Stefan Turek

What is he best known for?

The fields of study he is best known for:

• Mathematical analysis
• Thermodynamics
• Geometry

His primary areas of investigation include Finite element method, Incompressible flow, Applied mathematics, Computational science and Navier–Stokes equations. His research integrates issues of Multigrid method, Boundary value problem, Capillary action and Slug flow in his study of Finite element method. Stefan Turek has included themes like Direct numerical simulation, Mechanics and Classical mechanics in his Multigrid method study.

His work carried out in the field of Incompressible flow brings together such families of science as Theoretical computer science and Algebra. His Applied mathematics study combines topics in areas such as Geometry, Mathematical optimization, Discretization, Turbulence modeling and Neumann boundary condition. His Navier–Stokes equations research focuses on Mathematical analysis and how it relates to Jacobian matrix and determinant and Nonlinear system.

His most cited work include:

• Simple nonconforming quadrilateral Stokes element (497 citations)
• ARTIFICIAL BOUNDARIES AND FLUX AND PRESSURE CONDITIONS FOR THE INCOMPRESSIBLE NAVIER–STOKES EQUATIONS (429 citations)
• Benchmark Computations of Laminar Flow Around a Cylinder (407 citations)

What are the main themes of his work throughout his whole career to date?

His scientific interests lie mostly in Finite element method, Multigrid method, Applied mathematics, Discretization and Mathematical analysis. His biological study spans a wide range of topics, including Computational science, Nonlinear system, Navier–Stokes equations, Mechanics and Solver. His Multigrid method research includes themes of Grid, Incompressible flow, Numerical analysis and Classical mechanics.

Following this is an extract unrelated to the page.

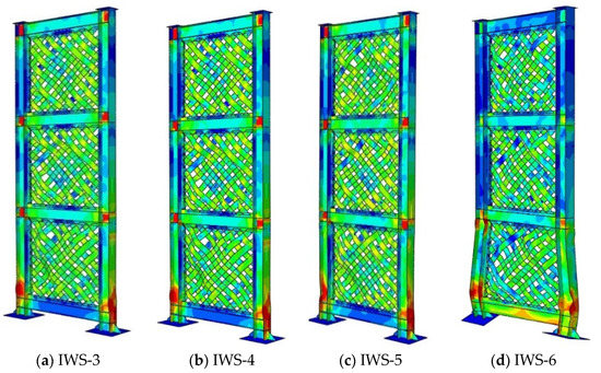 Figure 18b–d illustrates the model’s von-mises stress response and hysteresis behavior of the three models (IWS-4-5-6) with the same infill web strips width, vertical and horizontal loading, and different infill web-strips plate thickness. The IWS-4 model with 3 mm infill web-strips thickness exhibited an initial stiffness of 20.51 (kN/mm) and 356.35, 419.25 kN yield, and ultimate base shear, respectively. The IWS-5 model with 4 mm infill web-strips thickness displayed an initial stiffness of 24.32 (kN/mm) and 442.89, 521.04 kN yield and ultimate base shear force, respectively. The IWS-5 model observed an in-plane failure at the first-floor columns. Therefore, the hysteresis and envelope curves showed a slight deterioration after the lateral drift of 2.5 (%). The IWS-6 model with 5 mm infill web-strips thickness showed an initial stiffness of 30.89 (kN/mm) and 475.76, 559.72 kN yield and ultimate base shear load. In the IWS-6, an out-of-plane failure occurred after the 1.8 (%) lateral drift, which caused a sharp deterioration of the hysteresis and envelope curves.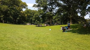 prospect park est à brooklyn ce que central park est à mahattan, bien que beaucoup moins grand. mais, même s’il ne peut rivaliser en taille, le traverser du nord au sud prend un temps fou. et nous n’en avons fait que la moitié à peine. ah, les distances américaines… moi qui pensais que ce serait plat et dégagé: mélange de vallons, de forêts, de lac et d’espaces dégagés et néanmoins gazonnés. j’aime les surprises. il fait chaud mais la brise apporte cette douceur de vivre toute dominicale. ici des familles groupées discutent debout, là des jeunes disputent âprement une partie de rugby, à gauche des lecteurs lisent, leur vélo couché comme eux, à droite des communautés entières se montrent solidaires autour de quelques saucisses. tout droit, armés de gants de baseball, un père joue avec son fils à se lancer des balles en bois gainées de cuir. typique. partout ça sent la grillade et l’atmosphère est bon enfant. on se croirait à bagatelle. ou à central park. ou à hyde park… et tandis que la vie brooklynienne se déploie, paisible, devant nous, nous savourons, dans notre bento à deux étages, un repas simple mais délicieux, préparé avec amour et talent…

His research on Applied mathematics also deals with topics like

• Mathematical optimization that intertwine with fields like Lattice Boltzmann methods,
• Compressibility together with Computation. His Discretization research is multidisciplinary, incorporating elements of Laminar flow, Flux limiter, Fluid–structure interaction, Geometry and Newton's method. Stefan Turek combines subjects such as Quadrilateral, Polygon mesh, Galerkin method and Newtonian fluid with his study of Mathematical analysis.

He most often published in these fields:

• Finite element method (53.15%)
• Multigrid method (29.73%)
• Applied mathematics (28.38%)

What were the highlights of his more recent work (between 2015-2021)?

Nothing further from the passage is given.